Eğer aşı üreticileri şu anda ayda 1,5 milyar doz aşı üretiyorsa, Nguyen'e göre cevaplanması gereken en önemli soru neden yoksul ülkelere bu kadar az aşı ulaştığı olmalı.
Nguyen, "Covax'ın çok büyük ihtiyacı varken hükümetler kuyrukta geri sıraya geçmeli ve bizim sipariş ettiğimiz aşıları biran önce almamıza fırsat vermelidir" diyor.
Bahar ve ailesi için bu hesaplar bazı rakamlardan ibaret değil, her biri gerçek hayatlara, eş dost ve akrabaların hayatlarına tekabül ediyor.

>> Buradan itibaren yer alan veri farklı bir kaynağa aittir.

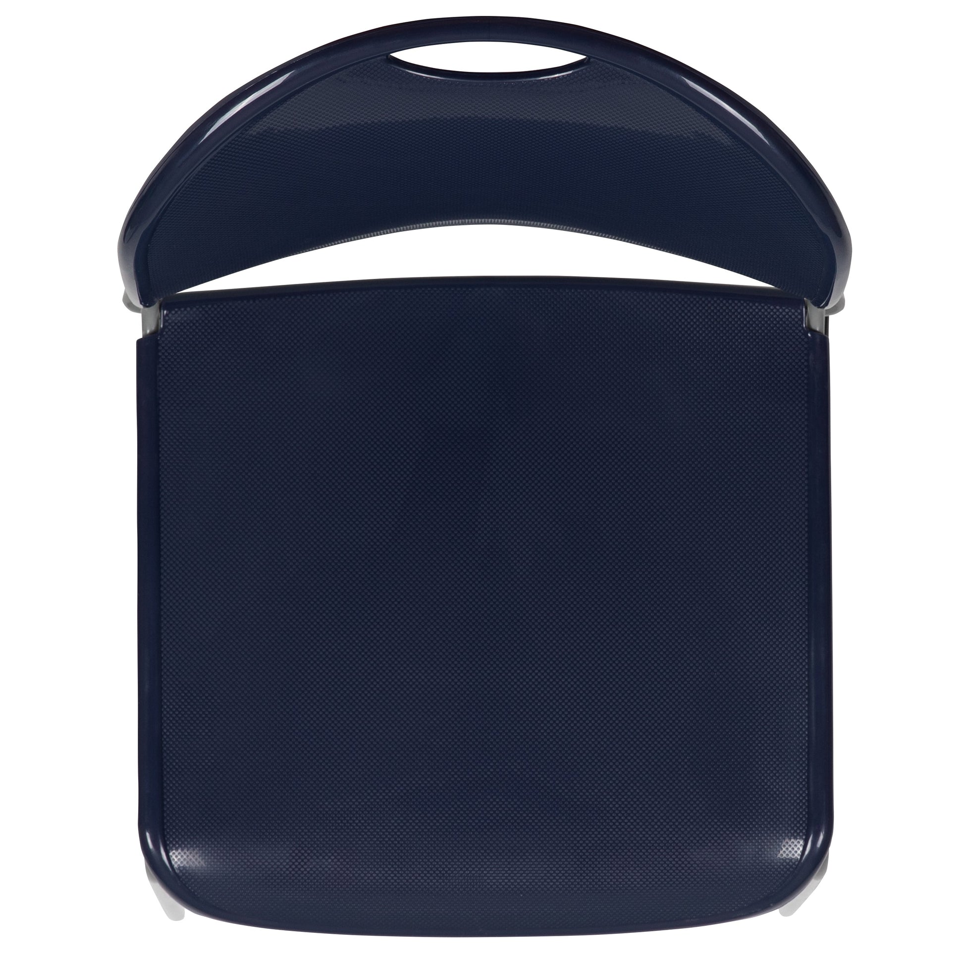 HERCULES Series 880 lb. Capacity Navy Ultra-Compact Stack Chair with Silver Powder Coated Frame Dimensions: 19"W x 21"D x 32"H

Bahar iki-üç günde bir, tanıdığı birinin daha öldüğü haberini alıyor. Üniversitede arkadaşları aşı olmak istemediklerini söylediklerinde onlara karşı çıkmış ama artık çok üzücü bulduğu bu tartışmalara giremiyor bile.
"Aldırmamaya çalışıyorum ama insanların ellerindeki ayrıcalıkları kullanmadığını görmek gerçekten çok zor" diyor.